The first time I made this dish, I accidentally added twice the amount of garlic called for. Instead of ruining the dish, it created this incredible depth of flavor that my family went crazy for. Now I always use at least six cloves, sometimes more if Im feeling particularly bold. There is something magical about the way garlic mellows and sweetens in the cream sauce.
Make Ahead Options
This dish reheats beautifully, making it perfect for meal prep. Cook the entire recipe, then portion into airtight containers and refrigerate for up to 3 days. When reheating, add a splash of chicken broth or cream to refresh the sauce, as it tends to thicken when chilled. The flavors actually develop and improve overnight, making day two potentially even more delicious than the first serving.
Serving Suggestions
While perfect on its own, this chicken skillet pairs wonderfully with various sides. For a low carb option, serve over zucchini noodles or cauliflower rice which will soak up the delicious sauce. If carbs aren't a concern, crusty Italian bread for dipping or al dente pasta makes this a more substantial meal. A simple arugula salad with lemon vinaigrette provides a peppery contrast to the creamy sauce.

Ingredient Swaps
This recipe is incredibly flexible. No heavy cream? Use half and half or even full fat coconut milk for a dairy free version. Chicken thighs can substitute for breasts for more richness and forgiveness in cooking time.
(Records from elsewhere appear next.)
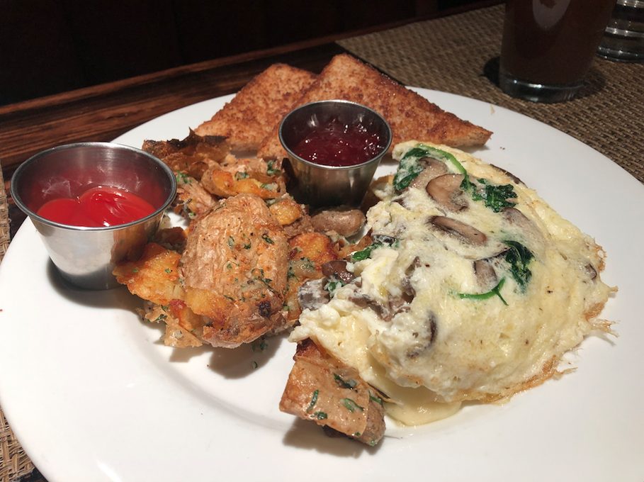 Lastly, the Egg White Omelette ($12) is impressively flavored with tender, roasted mushrooms, baby kale, melted gruyere and served with a side of-you guessed it-breakfast potatoes. The plate also comes with a slice of toast with homemade strawberry jam. Diners can opt for other sides including fresh fruit, breakfast sausage or applewood smoked bacon.
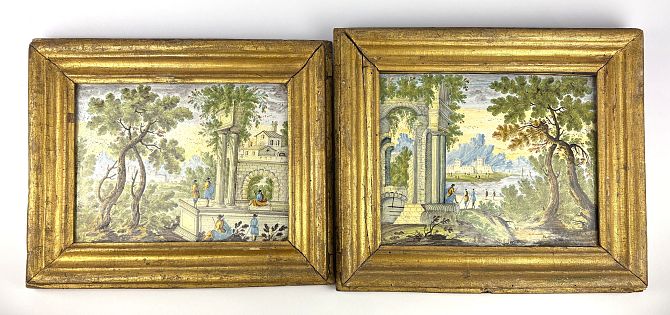 A matched pair of antique Castelli maiolica plaques, possibly 18th century, each hand painted in traditional colours depicting landscapes featuring ancient buildings and figures, each 21cm by 27cm, inset matching antique giltwood frames, (frames damaged).
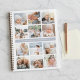Personalizar este bloc de notas en espiral con doce fotos cuadradas dispuestas en un diseño de collage de rejilla, con tu nombre, nombre de negocio o elección de personalización mostrada en una franja gris de niebla corriendo por el centro. La cubierta posterior tiene un tono de franjas de tono en tonos grises.
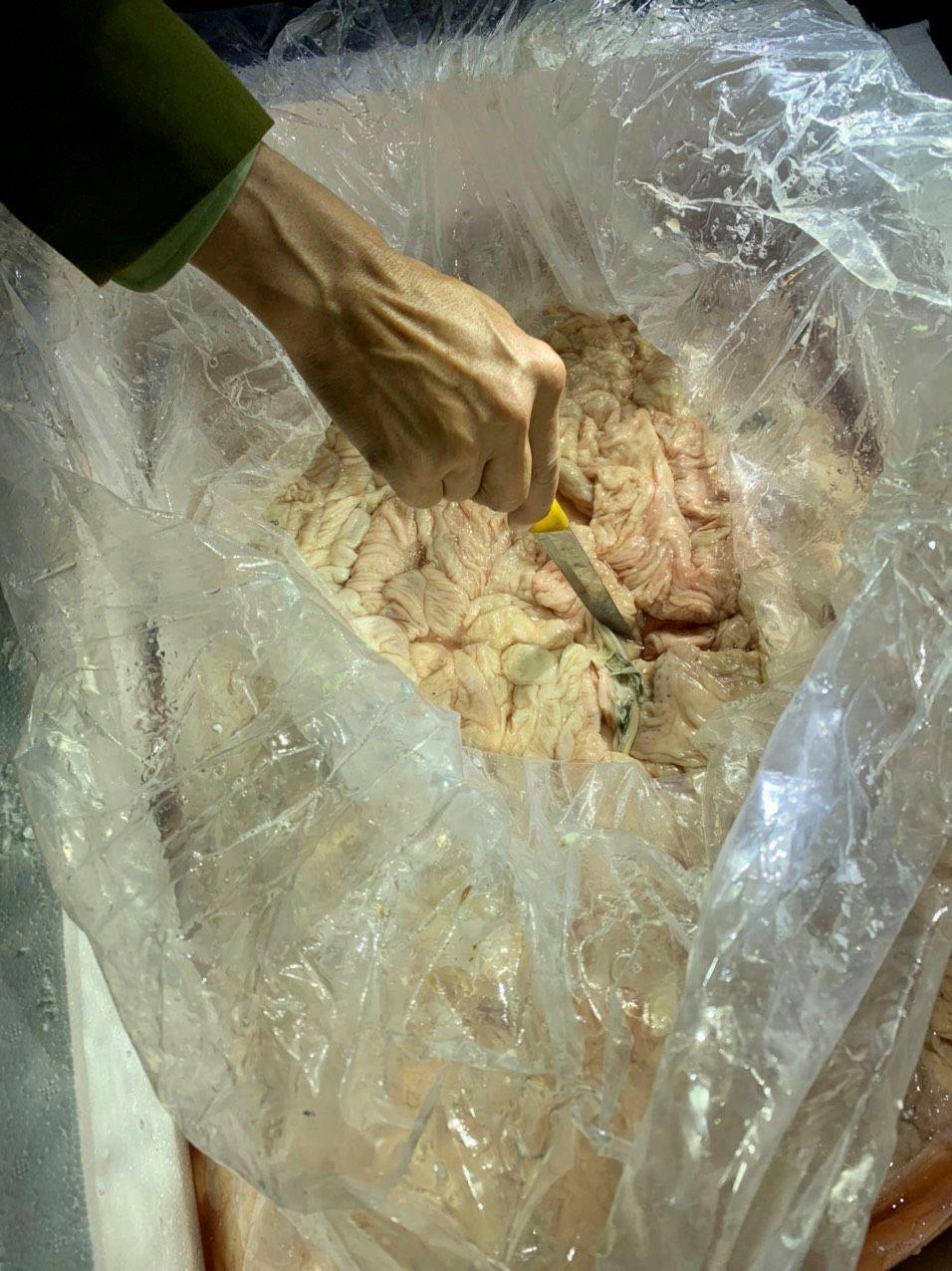 Toàn bộ số lòng heo được cất giữ trong cốp xe khách.
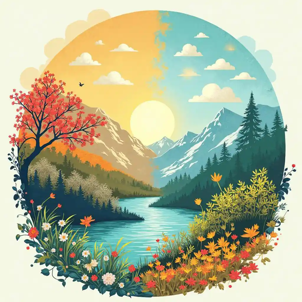 "Create an image that visually represents the concept of 'ऋतु-विचार' or seasonal reflections in Nepali culture. The image should depict the six major seasons (वसन्त, ग्रीष्म, वर्षा, शरद, हेमन्त, शिशिर). Each season is represented through natural landscapes and associated cultural elements. For example: Spring (वसन्त): Blooming flowers, lush greenery, vibrant fields Summer (ग्रीष्म): Bright sun, warm weather, dry fields Monsoon (वर्षा): Heavy rain, rivers and lakes swelling, lush vegetation Autumn (शरद): Harvest scenes, golden fields Winter (हेमन्त): Cold atmosphere, foggy mountains Late Winter (शिशिर): Snow-covered landscapes, crisp air Incorporate elements like Nepali festivals or traditional cultural activities that are linked to these seasons (e.g., celebrations of Makar Sankranti, Holi, and Tihar). Use vibrant colors for the different seasons to give a sense of transition and harmony with nature."

Fresh herbs can be swapped based on what you have. Rosemary or thyme work beautifully in place of basil for a different flavor profile. For a spicy kick, add red pepper flakes or a dollop of harissa paste to the sauce.
Frequently Asked Questions
- → How do I prevent the chicken from drying out?
Ensure you don’t overcook the chicken. Sear it quickly on each side and then simmer it in the creamy tomato sauce to lock in moisture.
- → Can I adjust the level of creaminess?
Yes, you can. Add more heavy cream for a richer sauce or reduce it for a lighter texture.
- → What can I use instead of Parmesan cheese?
You can use Pecorino Romano or grated mozzarella for a similar flavor, or nutritional yeast for a dairy-free option.
- → Is this dish suitable for meal prep?
Absolutely! Store it in an airtight container in the refrigerator for up to 3 days. Reheat gently to maintain the creamy texture.
- → What side dishes pair well with this dish?
This dish pairs well with sautéed spinach, zucchini noodles, or cauliflower rice for a low-carb meal. You can also serve it with crusty bread or pasta if carbs are not a concern.